First Republic of Colombia (1810-1819)

One country after another in South America, led by Simón Bolívar, declared itself independent. In 1810 Colombia also declared itself independent. Today’s Panama was still part of it. However, Spain did not want to recognize independence and fighting broke out for several years. But in the end you were victorious.

Greater Colombia (1819-1830)

After defeating Spain, Simón Bolívar united the territory that today includes Panama, Colombia, Venezuela and Ecuador (as well as parts of Peru and Guyana). It was called the Republic of Colombia, but is called Greater Colombia to distinguish it from the present-day state. Bolívar became president of the republic in 1821, but hardly stayed there because he was fighting for independence in Peru.

In 1830, shortly after Bolívar’s death, Greater Colombia fell apart. Venezuela and Ecuador split off. Colombia and Panama now formed the Republic of New Granada. Panama was independent for a year in 1830, but then rejoined New Granada.

New Granada (1831-1858) and Granada Confederation (1858-1863)

In the new republic, supporters of the Conservatives and the Liberals were at odds. Some wanted a strong central state, others a federal state. The Liberals prevailed and in 1858 founded the Granada Confederation. In 1863 there was a new constitution and the country became the United States of Colombia.

From the United States of Colombia (1863-1886) to the Republic of Colombia (from 1886)

The state lasted until 1886. Then the Conservatives prevailed under President Rafael Núñez, who was elected in 1884. There was a new constitution again. Colombia was now again centrally governed.
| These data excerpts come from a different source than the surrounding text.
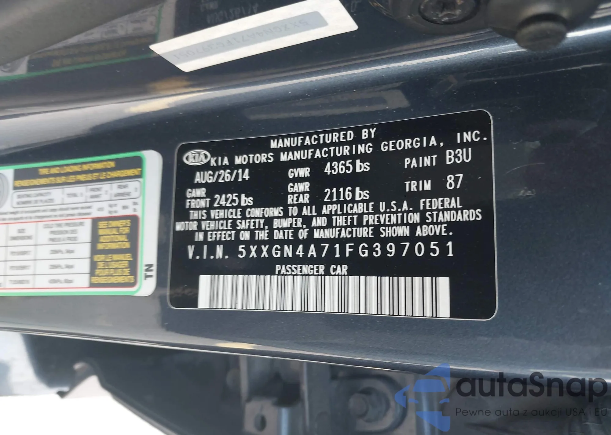 LOT: 43664982 VIN: 5XXGN4A71FG397051
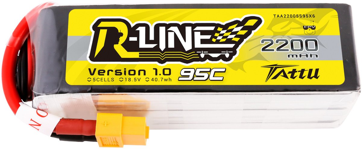 - Tattu 2200mah 5S 95C 18.5V R-Line Lipo Battery with XT60 Plug For 7" Q
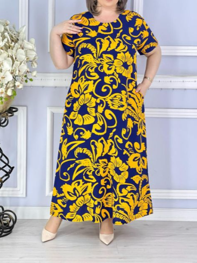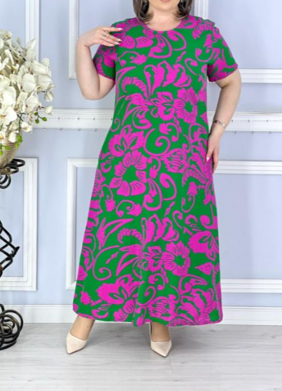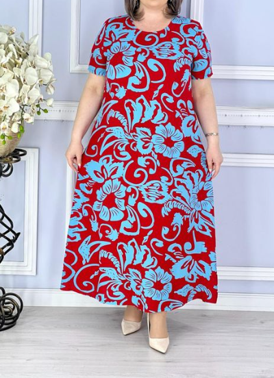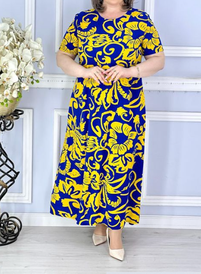 Платье имеет свободный крой и длину до щиколотки, что делает его отличным выбором для повседневной носки или домашнего отдыха. Удобная конструкция позволяет легко надевать платье, а сзади оно завязывается на симпатичный бантик, добавляя нотку романтики в образ.

History of Colombia in the 20th Century to 1964

The way into the 20th century

But the liberals did not give up their demands. In 1899 a civil war broke out, the “War of the Thousand Days”, which killed 100,000 people. A peace treaty was signed in 1902. In 1903 Panama declared its independence from Colombia with the help of the USA.

In the 1920s, Colombia experienced an economic boom. This was mainly due to the coffee growing. However, this also meant that the rich families (oligarchies) became richer and the rural population became increasingly impoverished. After the stock market crash in 1929, Colombia also fell into a crisis and there was a change of government. After the Conservatives had ruled since 1886, the Liberals now took power. A land reform was carried out and industrialization began.